Choosing the Right Interface…
In today’s competent machine vision industry, ranges of interfacing standards are available which have evolved over a period of time. Though added choices are welcome, one must know the advantages and limitations of each interface to select the most appropriate one for your application.
Before one attempts to select an interface, one should know what exactly the requirements of your vision system are. This includes the requirements of the camera, power, speed capabilities and additional inputs like lighting, triggers etc. which are needed for proper image capture during the actual work process. Once this is analyzed, one should be able to make a sound judgment in selecting the interface.
With the broad range of requirements addressed by machine vision systems, there is no single interface that can address them all. Each interface has its own unique strength that makes it more effective and efficient for certain kinds of applications.
Now let us look at the most commonly used interfaces one by one.
Firewire was originally developed as a consumer interface with ease of use in mind. It is also known as IEEE1394 standard and is compatible with almost all operating systems. Some PC’s especially many industrial ones may not come with Firewire ports, however these can be easily installed with Firewire hardware available in the market. IIDC specification provides a global register map for all FireWire cameras to follow, allowing third-party applications to become camera vendor agnostic. System integrators can switch between camera models and camera vendors with minimal impact to their application as long as the cameras support IIDC. FireWire is also highly effective for multi-camera systems. FireWire cameras use a peer-to-peer communication protocol and provide the ability to synchronize trigger broadcast with other cameras on the same bus. Thus for a wide range of applications, Firewire comes through as a viable choice for machine vision systems.

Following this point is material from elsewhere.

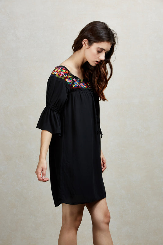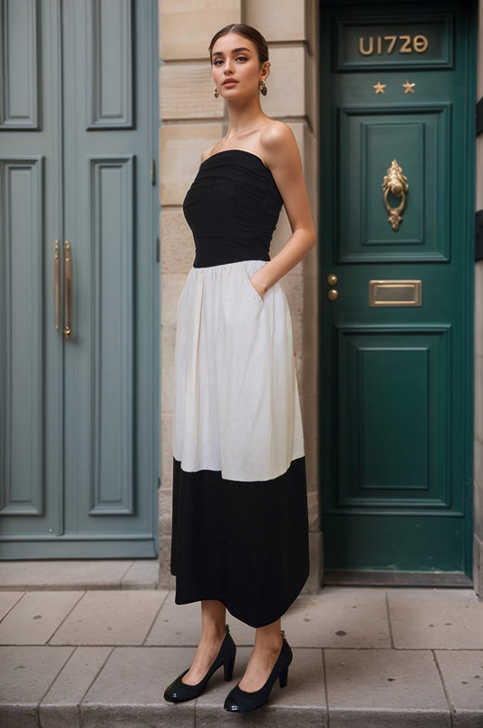 BRITTNEY COLOR BLOCK TUBE MID DRESS(BLK/TAUPE LINEN/BLK)-VD3434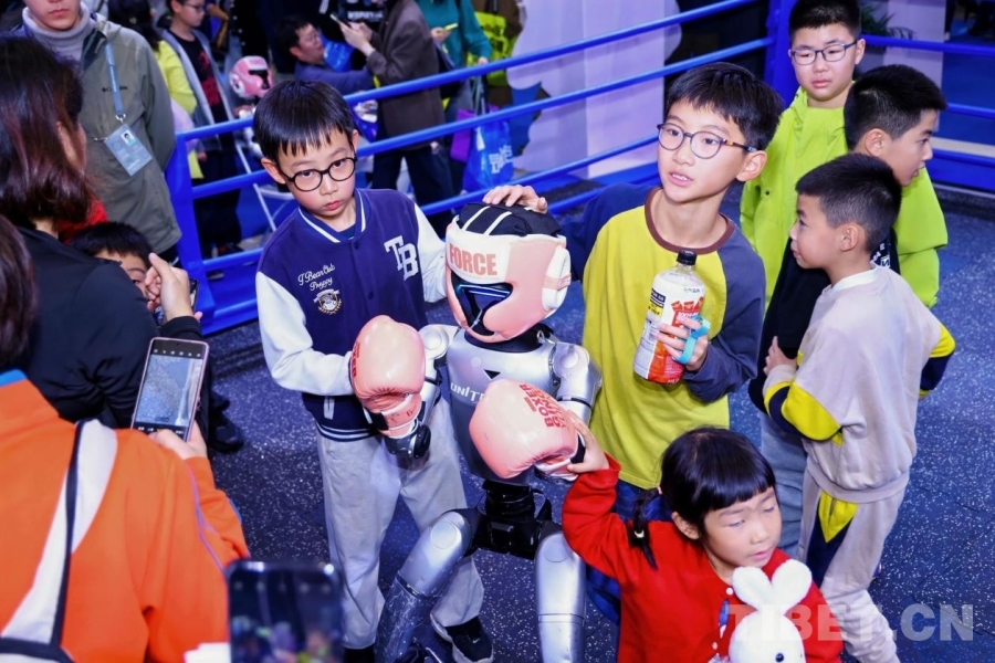 圖為小朋友們競相與機器人拳手互動。

With the wide spread deployment of Gigabit Ethernet on PC and laptops, it has become widely popular among vision engineers. It attempts to standardize camera control and image acquisition so that cameras and software from multiple vendors may inter-operate seamlessly. The most attractive feature of GigE Vision is the support for longer cable lengths. Since each camera can be addressed using an IP address, there’s no limit on how many cameras can operate on the same network. The low cost of Cat 5e and Cat 6 cables makes GigE the most cost effective solution when long cable length is required.
The development of the USB 3.0 interface was originally driven by the consumer need for a PC based interface with higher bandwidths. The USB 3.0 interface came to market in 2009 with support for up to 440 MB/s of bandwidth; 10 times faster than USB 2.0 and 5 times faster than FireWire-B.USB 3.0 supports Direct Memory Access which allows the data to be written directly to memory reducing CPU processing load. Multiple camera systems can be deployed using USB 3.0 hubs. Similarly to GigE Vision, USB3 Vision follows the same robust framework using the GenICam programming interface and XML description files. With this commonality between the two standards, system integrators will be able to easily learn one after working with the other. With its high bandwidth, ease of use, and low cost, USB 3.0 is ideal for wide variety applications within machine vision.
CameraLink is an established interface for industrial imaging applications. It offers the highest data throughput (over 680MBytes/sec) and lowest latency of all interfaces. It offers more deterministic image transfer trough a dedicated frame grabber, which may be expensive.
Camera Link supports Direct Memory Access which reduces the load on the CPU when capturing images. Camera Link also separate control signals with video signals, providing low latency triggering and data delivery. Compared to other interfaces, system costs are higher due to frame grabber and a power supply is needed for every camera in the system. However, having a frame grabber in the system does off-load some of the processing done by the CPU. Frame grabbers can also buffer images, with some high-end frame grabbers even offering some hardware image processing capabilities. Despite low consumer acceptance and higher system cost, Camera Link is widely used for applications requiring real time processing and high bandwidth.
|FireWire -IEEE1394b||Gigabit Ethernet||USB 3.0||Camera Link|
|80 MB/s||125 MB/s||440 MB/s||680 MB/s|
|Difficulty of system Integration||Medium||Low||Low||High|
|4.5 m||100 m||3 m||10 m|
|45 W||15.4 W1||4.5 W||None|
|Theoretical No. of Cameras||63||Unlimited||127||2|
Though these are the machine vision standards which have found wide range acceptability with all camera and other industrial vendors, there are sufficient effort being taken in developing custom made interfaces which provide better suitability to certain applications. Some of them may very well become the next standard interface over a phase of time. CoaXPress is one such new digital interface which promises future with ultra-high bandwidth combined with versatility.
After considering the application requirements, camera performance, data throughput and ease of Integration, one can arrive at a choice for the right interface. In general, the following guidelines can be followed. However, consulting with machine vision experts is advised.
|SELECT||IF requirements are|
|– Wide range of applications-Low Cost|
|GigE||-Low cost-High frame rate-Inter-operability-Long cable lengths|
|USB 3.0||-Ease of Use-Low cost|
|CameraLink||-Highest frame rate.-Real time data transmission/Low latency|